TASK STATEMENT>
Within the records below, find the line with "Algorithms used to" and the line with "La textura de", then reproduce exactly those two lines and all lines between them, without any picture.

--- DATA EXTRACT ---

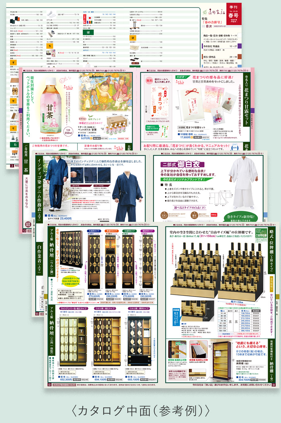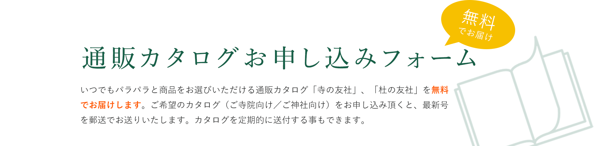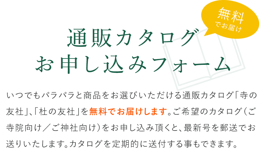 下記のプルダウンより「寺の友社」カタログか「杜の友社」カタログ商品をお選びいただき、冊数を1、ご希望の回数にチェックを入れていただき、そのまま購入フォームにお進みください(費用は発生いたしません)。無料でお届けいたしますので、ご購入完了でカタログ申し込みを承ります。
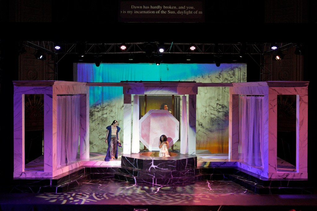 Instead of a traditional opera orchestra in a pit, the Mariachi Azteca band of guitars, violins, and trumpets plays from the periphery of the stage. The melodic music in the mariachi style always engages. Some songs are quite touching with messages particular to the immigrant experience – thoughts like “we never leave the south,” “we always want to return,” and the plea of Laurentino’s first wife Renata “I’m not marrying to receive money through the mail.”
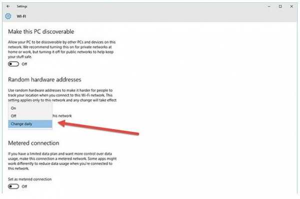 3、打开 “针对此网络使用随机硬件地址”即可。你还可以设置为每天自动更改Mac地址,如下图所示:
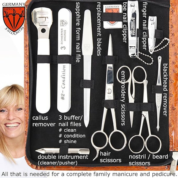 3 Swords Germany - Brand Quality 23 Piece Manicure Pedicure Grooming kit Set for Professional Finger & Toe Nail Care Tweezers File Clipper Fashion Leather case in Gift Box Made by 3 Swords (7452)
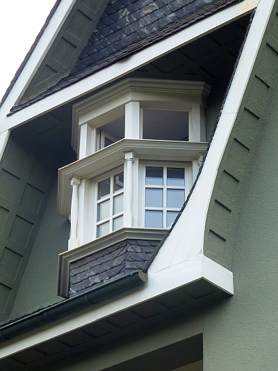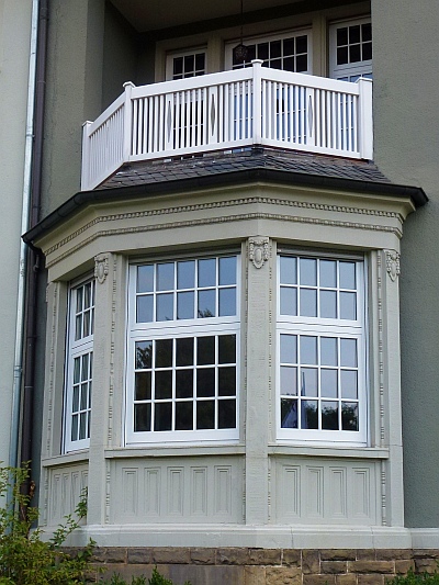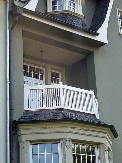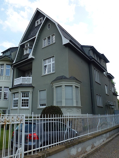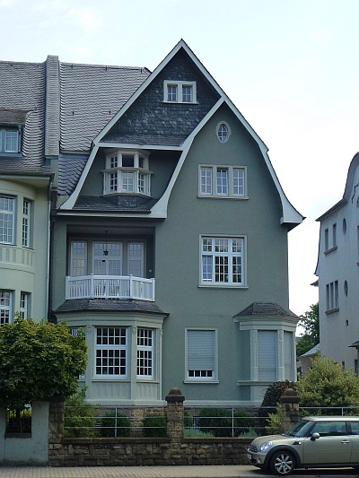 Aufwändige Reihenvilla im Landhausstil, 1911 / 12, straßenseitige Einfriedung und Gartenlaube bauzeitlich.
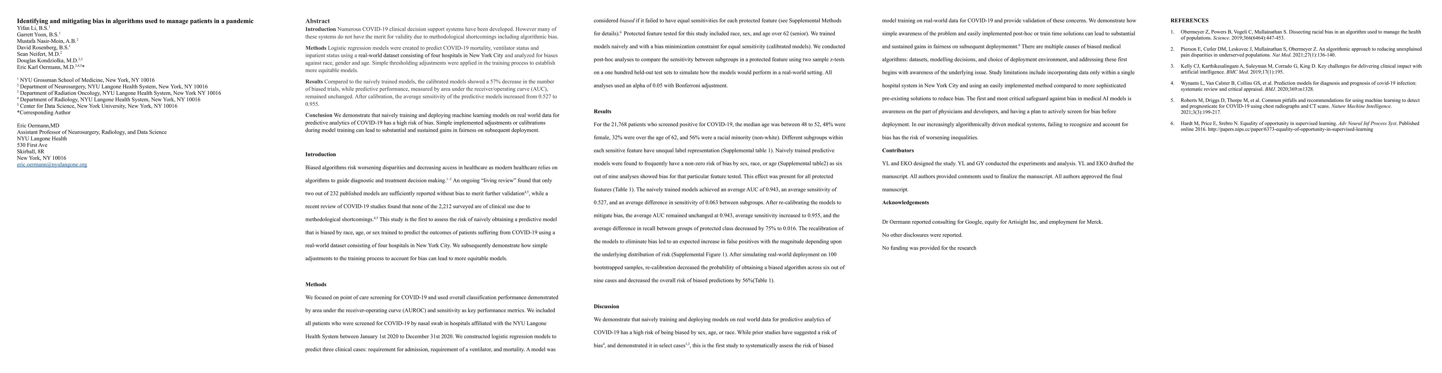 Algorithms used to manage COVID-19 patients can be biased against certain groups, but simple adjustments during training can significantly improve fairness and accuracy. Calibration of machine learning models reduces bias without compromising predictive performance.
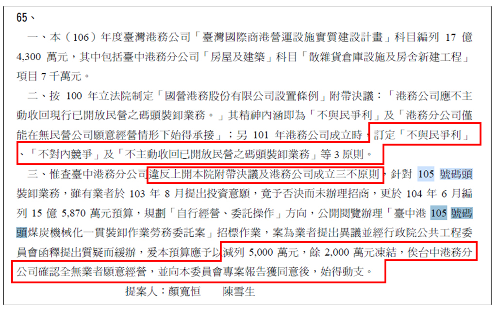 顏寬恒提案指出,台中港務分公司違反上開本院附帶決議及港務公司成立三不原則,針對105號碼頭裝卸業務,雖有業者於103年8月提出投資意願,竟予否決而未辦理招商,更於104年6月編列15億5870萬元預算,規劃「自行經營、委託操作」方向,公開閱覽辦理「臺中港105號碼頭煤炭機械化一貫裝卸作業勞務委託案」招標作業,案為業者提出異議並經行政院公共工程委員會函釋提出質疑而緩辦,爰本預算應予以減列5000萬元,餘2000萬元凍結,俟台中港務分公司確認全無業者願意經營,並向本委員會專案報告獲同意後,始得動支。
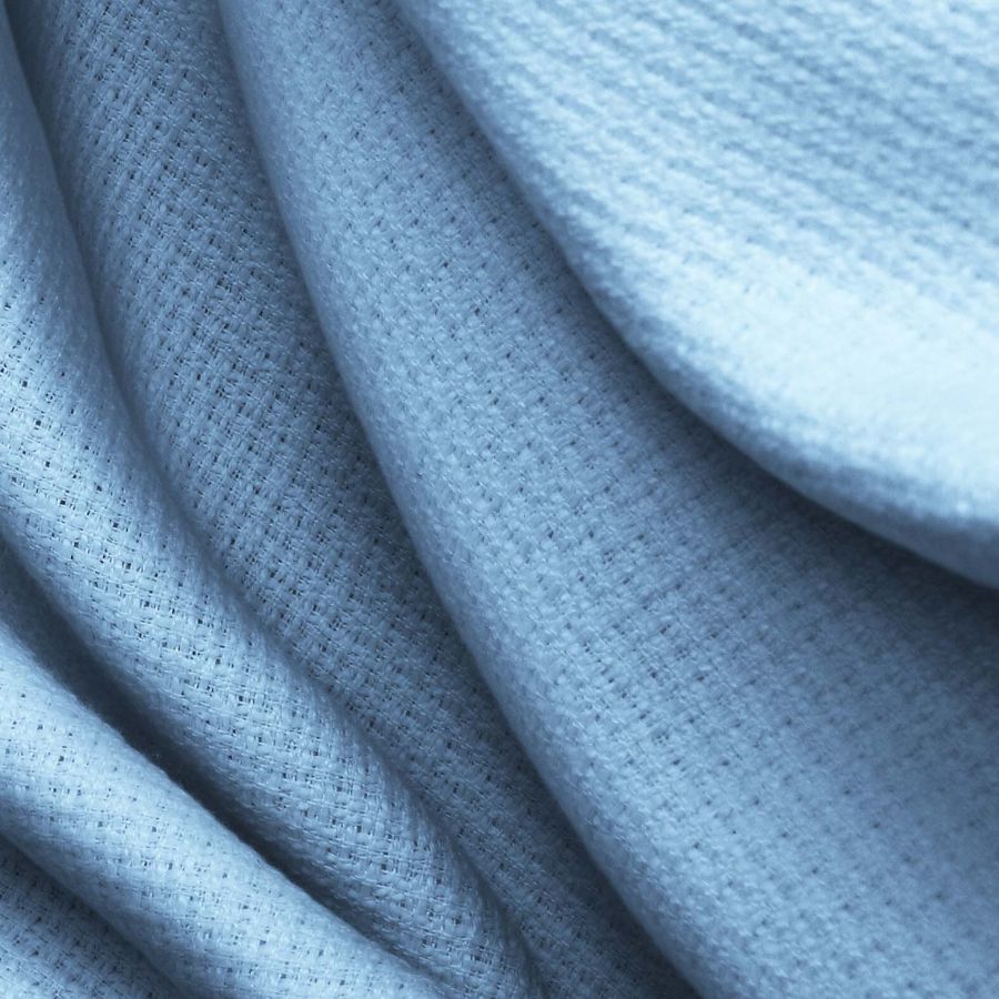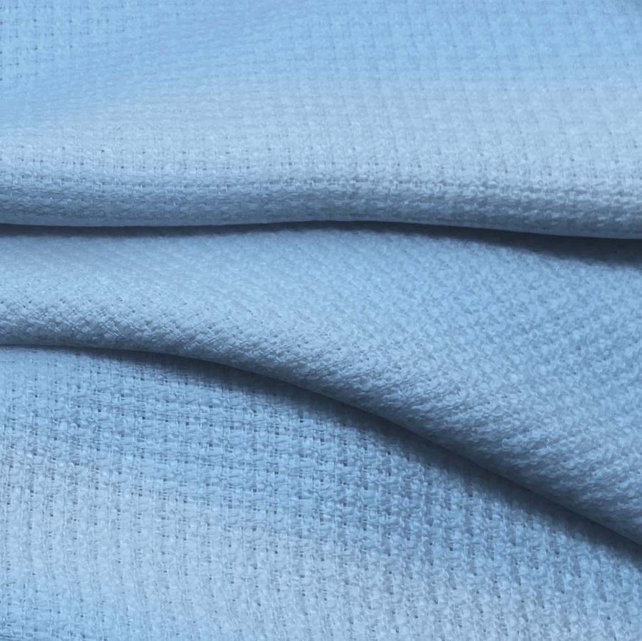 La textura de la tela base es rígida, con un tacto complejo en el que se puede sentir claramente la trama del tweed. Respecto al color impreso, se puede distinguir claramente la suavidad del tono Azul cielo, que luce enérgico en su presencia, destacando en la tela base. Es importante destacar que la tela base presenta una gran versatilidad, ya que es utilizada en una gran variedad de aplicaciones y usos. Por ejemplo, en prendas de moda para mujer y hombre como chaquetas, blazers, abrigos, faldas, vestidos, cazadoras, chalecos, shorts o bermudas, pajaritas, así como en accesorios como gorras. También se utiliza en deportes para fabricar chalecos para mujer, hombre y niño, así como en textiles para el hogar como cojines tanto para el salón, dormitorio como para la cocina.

---
--- DATA EXTRACT ---

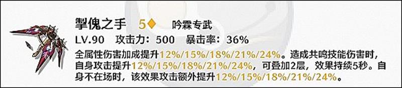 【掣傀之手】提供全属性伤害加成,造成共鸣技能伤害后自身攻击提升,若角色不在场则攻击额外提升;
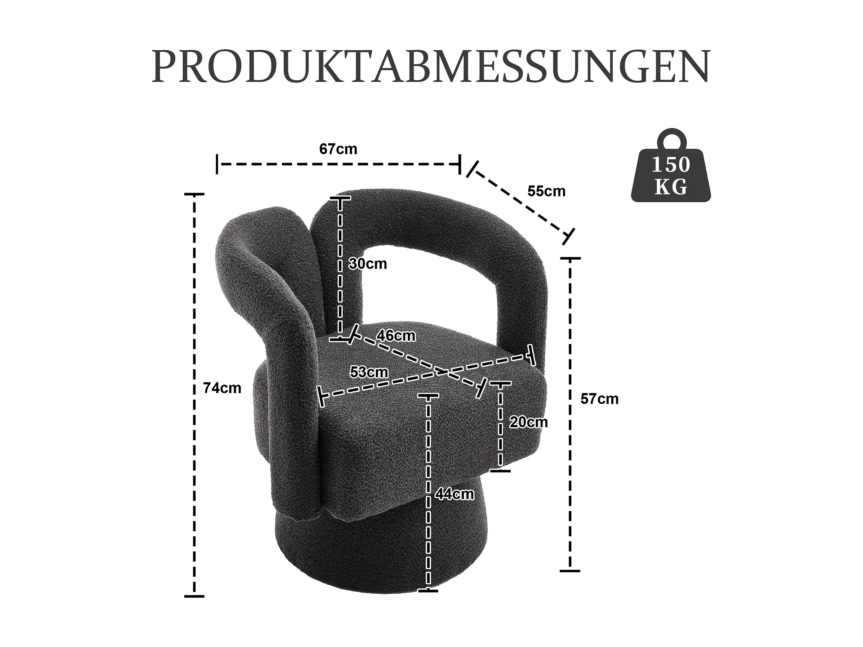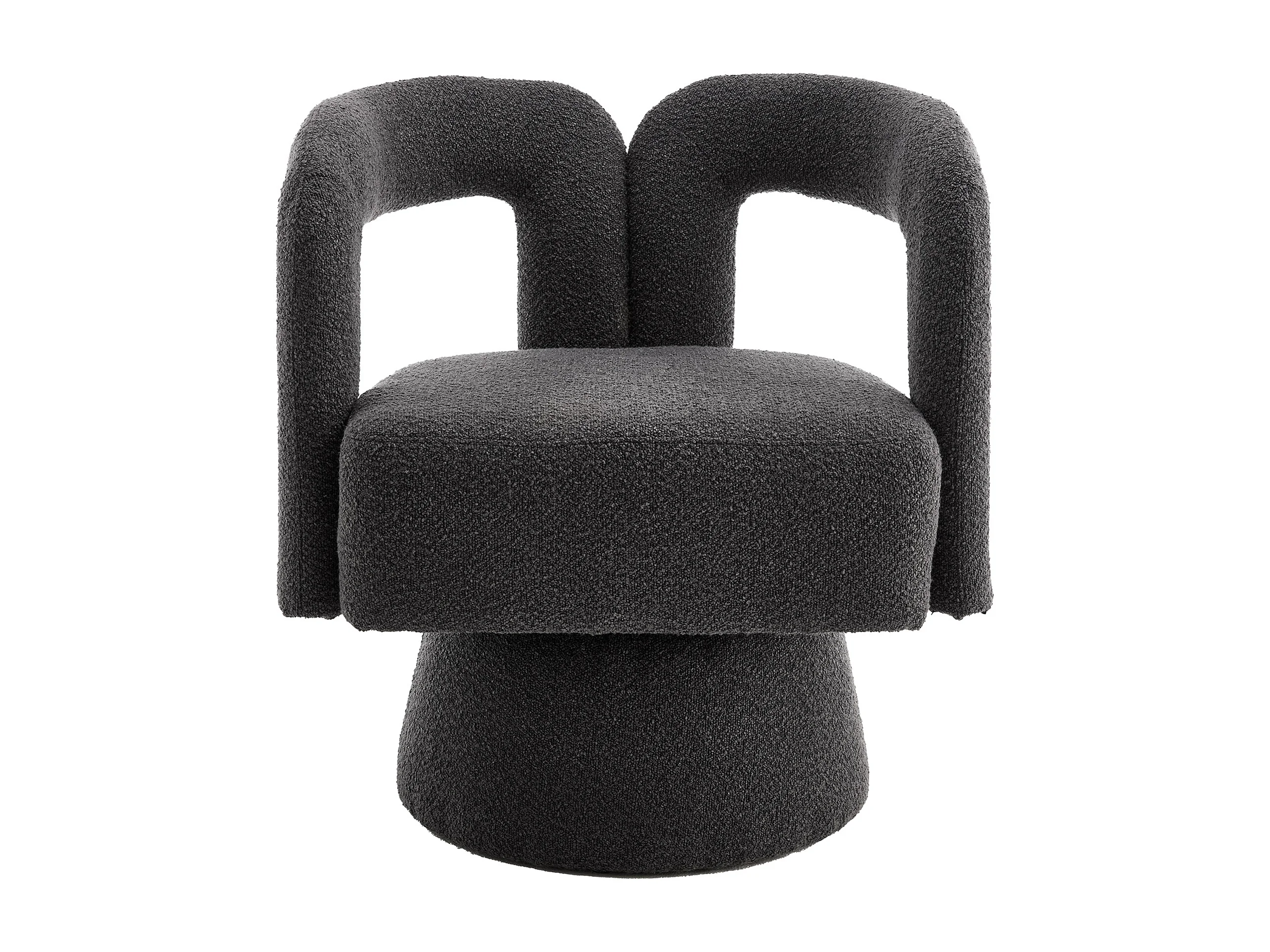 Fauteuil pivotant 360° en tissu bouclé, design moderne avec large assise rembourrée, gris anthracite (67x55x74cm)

---

SOLUTION FOR THIS EXERCISE>
 Algorithms used to manage COVID-19 patients can be biased against certain groups, but simple adjustments during training can significantly improve fairness and accuracy. Calibration of machine learning models reduces bias without compromising predictive performance.
 顏寬恒提案指出,台中港務分公司違反上開本院附帶決議及港務公司成立三不原則,針對105號碼頭裝卸業務,雖有業者於103年8月提出投資意願,竟予否決而未辦理招商,更於104年6月編列15億5870萬元預算,規劃「自行經營、委託操作」方向,公開閱覽辦理「臺中港105號碼頭煤炭機械化一貫裝卸作業勞務委託案」招標作業,案為業者提出異議並經行政院公共工程委員會函釋提出質疑而緩辦,爰本預算應予以減列5000萬元,餘2000萬元凍結,俟台中港務分公司確認全無業者願意經營,並向本委員會專案報告獲同意後,始得動支。
 La textura de la tela base es rígida, con un tacto complejo en el que se puede sentir claramente la trama del tweed. Respecto al color impreso, se puede distinguir claramente la suavidad del tono Azul cielo, que luce enérgico en su presencia, destacando en la tela base. Es importante destacar que la tela base presenta una gran versatilidad, ya que es utilizada en una gran variedad de aplicaciones y usos. Por ejemplo, en prendas de moda para mujer y hombre como chaquetas, blazers, abrigos, faldas, vestidos, cazadoras, chalecos, shorts o bermudas, pajaritas, así como en accesorios como gorras. También se utiliza en deportes para fabricar chalecos para mujer, hombre y niño, así como en textiles para el hogar como cojines tanto para el salón, dormitorio como para la cocina.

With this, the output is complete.